У неё был беглый советский английский, и однажды она сопровождала как переводчица Хрущёва в поездке по Индии, где объяснялась на своей версии языка Шекспира, видимо, более внятной индусам, чем оксфордская. Никита Сергеевич нежно звал Шевелёву Горчицей. В самом деле, она была резкая, едкая, с обострённым чувством справедливости. При этом охотно пользовалась всеми номенклатурными благами и часто, к зависти коллег, каталась за границу, откуда привозила стихи, исполненные презрения к капитализму и ностальгии по Стране Советов.
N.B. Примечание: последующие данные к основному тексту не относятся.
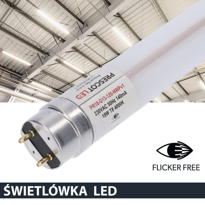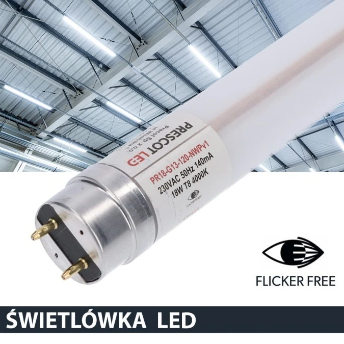 1. Świetlówka led T8 G13 120cm 18W 6500K 1800lm PC Prescot Flicker free 7.04
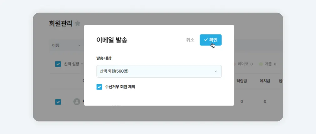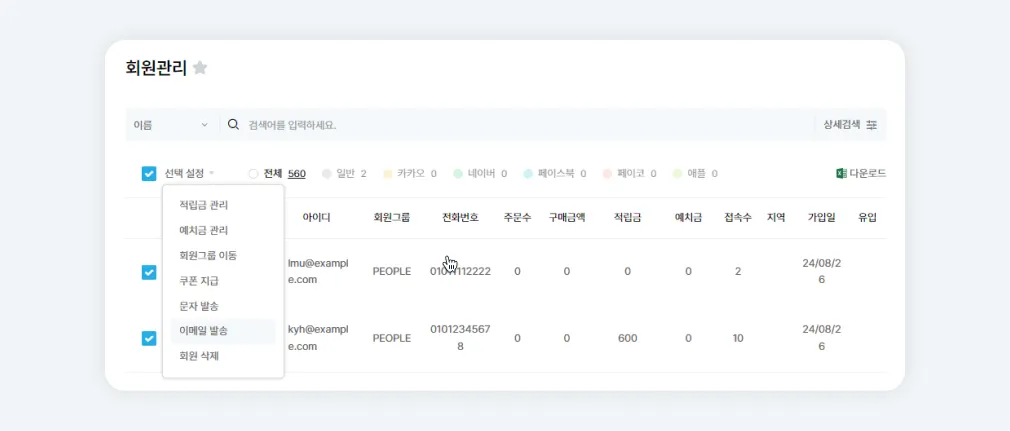 관리자>회원>회원>회원관리 메뉴에서 메일을 발송할 회원을 선택하여 일괄 발송할 수 있습니다.
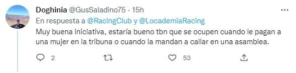 El debate -en todo caso a favor de la iniciativa de Racing- en torno a la lactancia materna y a la posibilidad de amamantar en cualquier momento y lugar, no fue el único al que hubo referencias en los comentarios. Muchos recordaron la falta de respuestas por parte del club a una mujer que fue golpeada en la tribuna. El hecho ocurrió en la previa del partido contra Talleres, en marzo.
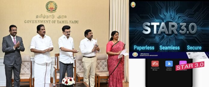 இந்நிலையில், சென்னை தலைமைச் செயலகத்தில் பதிவுத்துறையின் ஸ்டார் 3.0 திட்டத்தின் கீழ், காகிதமில்லா ஆவணப்பதிவு, நேரடி வருகையில்லா ஆவணப்பதிவு, தானியங்கி பத்திர உருவாக்கம், மறு விற்பனையாகும் அடுக்குமாடி குடியிருப்புகளுக்கு கட்டடக் களப்பணியின்றி ஆவணங்களை அன்றே திரும்ப வழங்கும் திட்டம், சொத்து தொடர்பான பரிவர்த்தனைகளை எளிய முறையில் வில்லங்கச்சான்றில் தேடுதல் உள்ளிட்ட 18 சேவைகள் அடங்கிய செயல் திட்டத்தை தமிழ்நாடு முதலமைச்சர் மு.க.ஸ்டாலின் இன்று (ஜன.22) தொடங்கி வைத்தார்.
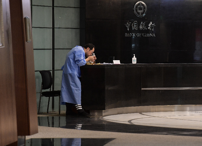 ↑中国银行上海市分行后勤服务中心主管韩皓在大楼内一处空旷的位置吃午饭(4月20日摄)。
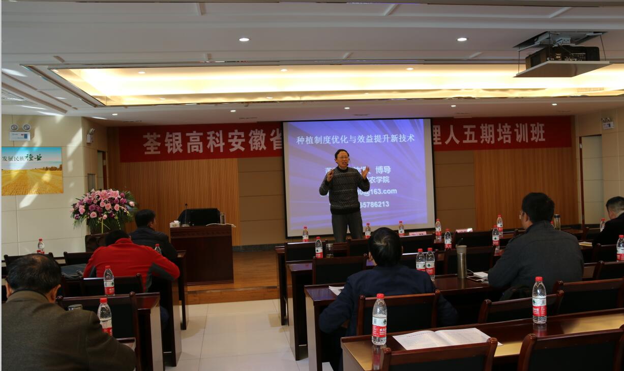 2017年11月27日,安徽省首屆農(nóng)業(yè)職業(yè)經(jīng)理人第五期培訓(xùn)班在荃銀高科六樓多功能廳正式開課。來自全省各地的50位從事糧油種植的家庭農(nóng)場主、農(nóng)業(yè)合作社及農(nóng)業(yè)企業(yè)負(fù)責(zé)人參加了培訓(xùn)。
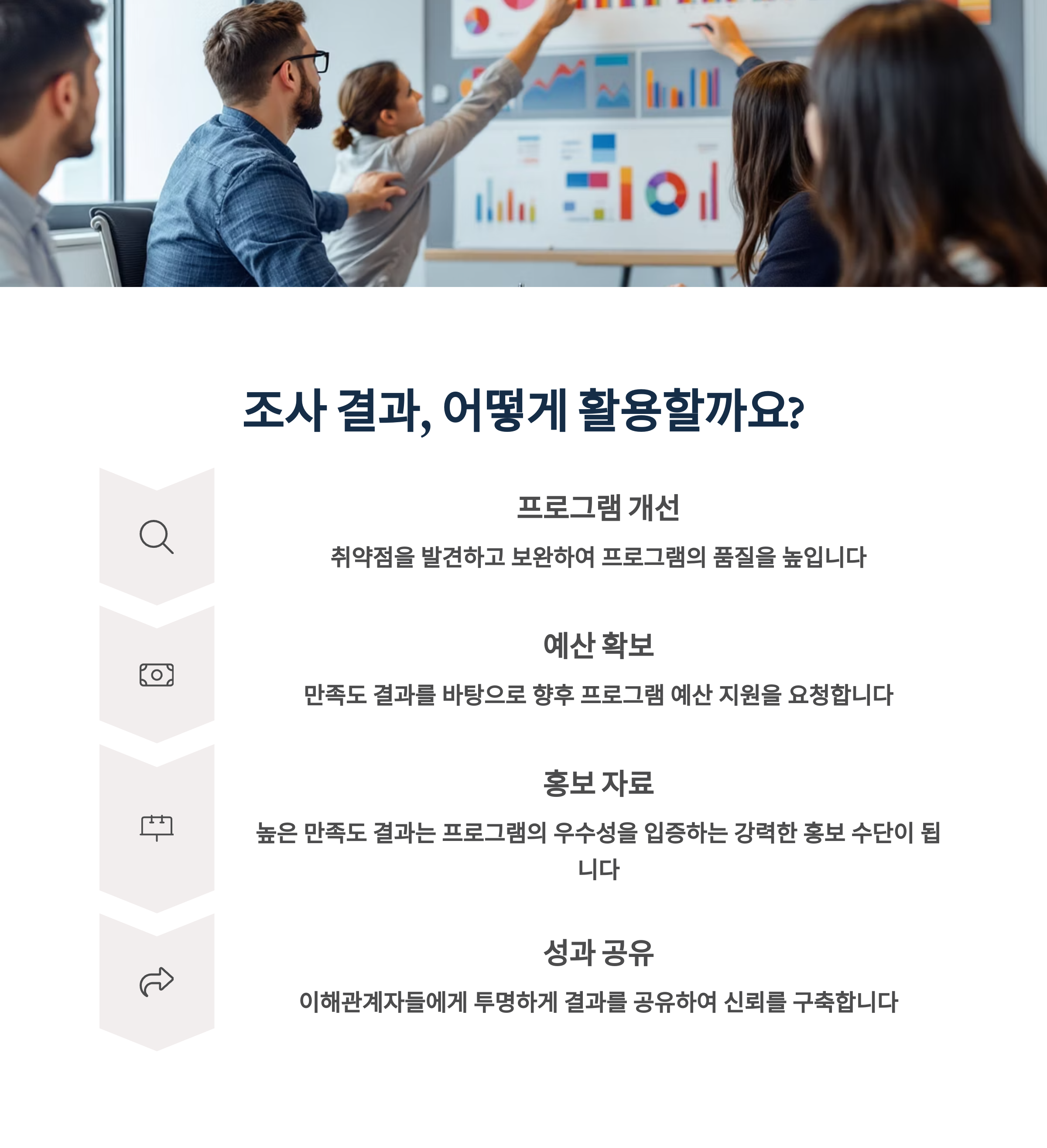 단순한 설문조사가 아닌, 데이터를 기반으로 한 분석과 평가 결과는 프로그램 방향 설정의 지침이 됩니다.
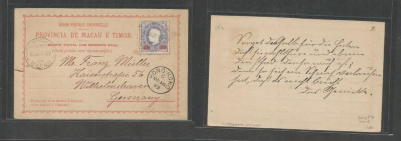 Macau. 1893 (15 March) GPO - Germany, Wilhelmshaven via Hong Kong. 30a red ovptd D. Luis issue fkd bilhete postal. Yang P-7, HG-5. VF + scarce in perfect condition. (Image)
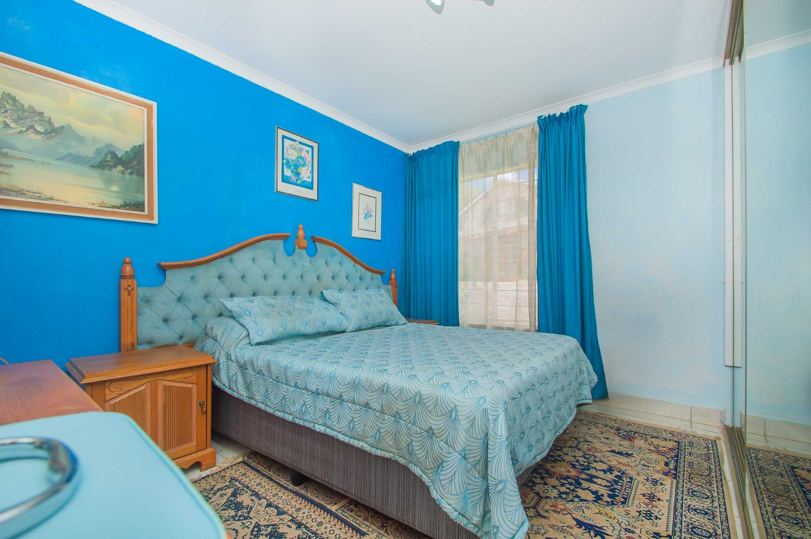 The main bedroom downstairs is very large. There are built-in-cupboards with mirrored doors as well as extra cupboards on the side for added comfort.

Это на неё ехидный Александр Иванов написал пародию, где были и такие строчки:
Поэтический дар у неё был скромный, к тому же растраченный в основном на общественную работу и борьбу за мир, но несколько хороших стихотворений в её сборниках найти можно. Екатерина Шевелёва и стала главным прототипом «бабушки русской поэзии», хотя острый интерес к молодым темпераментным поэтам позаимствован у другой литературной львицы того времени…
Летом 1995-го я, закончив «Козлёнка…», отправил рукопись в «Ашет», но вскоре получил вежливый отказ: французов не заинтересовала сатира на ельцинскую Россию, которая, напялив общечеловеческие ценности, напоминала доярку в трико от Юдашкина. Тогда, как, впрочем, и сейчас, на Западе ценились насмешки и издёвки над советской эпохой, особенно над Сталиным. Помню, меня поразило, с каким сладострастным торжеством Василий Аксёнов в киноромане «Московская сага» описывал запор, случившийся у вождя. Можно подумать, у самого Василия Павловича проблем с кишечником никогда не было. Зато «запора» мозгов у Сталина в отличие от Горбачева и Ельцина никогда не случалось.